As publicações científicas com que nos cruzamos ao longo do nosso percurso podem ter um grande impacto na nossa conduta, quer como médicos quer como investigadores. O artigo que selecionei foi publicado numa fase muito precoce da minha formação como reumatologista, tendo tido por isso um grande impacto na minha conduta profissional o qual se mantém até aos dias de hoje. Paralelamente, o facto de procurar responder a uma pergunta derivada da prática clínica, a qualidade e o rigor da metodologia científica utilizada e sua aplicabilidade no “mundo real”, despertou em mim o reconhecimento da necessidade e da validade da investigação clínica.
A Artrite Reumatoide é uma doença inflamatória, sistémica que se carateriza por inflamação das articulações causando incapacidade funcional e má qualidade de vida dos doentes. Apesar de diversos fármacos disponíveis para o seu tratamento, a maioria dos doentes não apresentavam um controlo adequado da doença.

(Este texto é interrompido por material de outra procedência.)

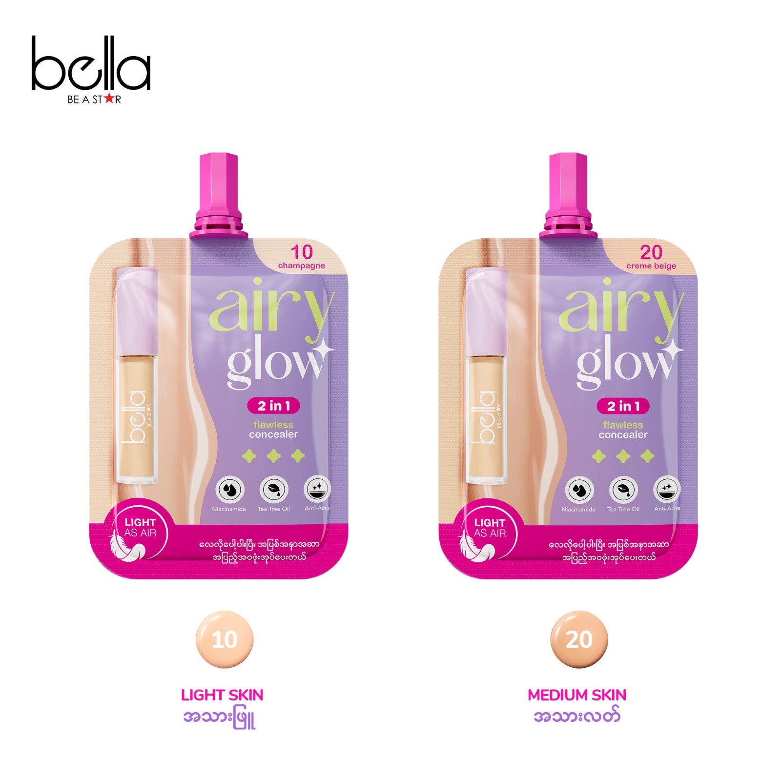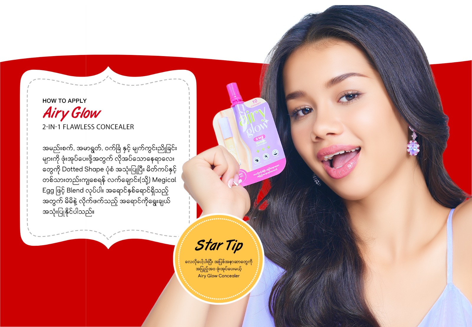 လေလိုပေါ့ပါးပြီး အပြစ်အနာဆာတွေကို အပြည့်အဝ ဖုံးအုပ်ပေးမယ့် Airy Glow Concealer

Em 2004 é publicado no Lancet o resultado de um estudo que teve como objetivo avaliar, não um fármaco novo como habitual, mas uma estratégia de tratamento. O TICORA Study é um ensaio clínico, controlado, randomizado e cego, que comparou uma estratégia de tratamento intensivo focada na remissão da doença com a estratégia habitual. Este ensaio, que incluiu 111 doentes, concluiu que os doentes submetidos a uma estratégia de tratamento intensivo apresentaram melhor controlo da doença, com maior percentagem de doentes a atingirem a remissão (65% vs 16%, OR:9.7 [3.9-23.9], p<0.0001), associada a melhor capacidade funcional, qualidade de vida, menor progressão radiológica e redução de custos diretos e indiretos, sem aumento dos efeitos adversos.
Este estudo conduziu a uma mudança de paradigma no tratamento da artrite reumatoide, salientando a necessidade de uma abordagem terapêutica intensiva tendo como alvo a remissão (“Treat-to -Target Strategy”), constituindo a base das recomendações de tratamento da Artrite Reumatoide até aos dias de hoje.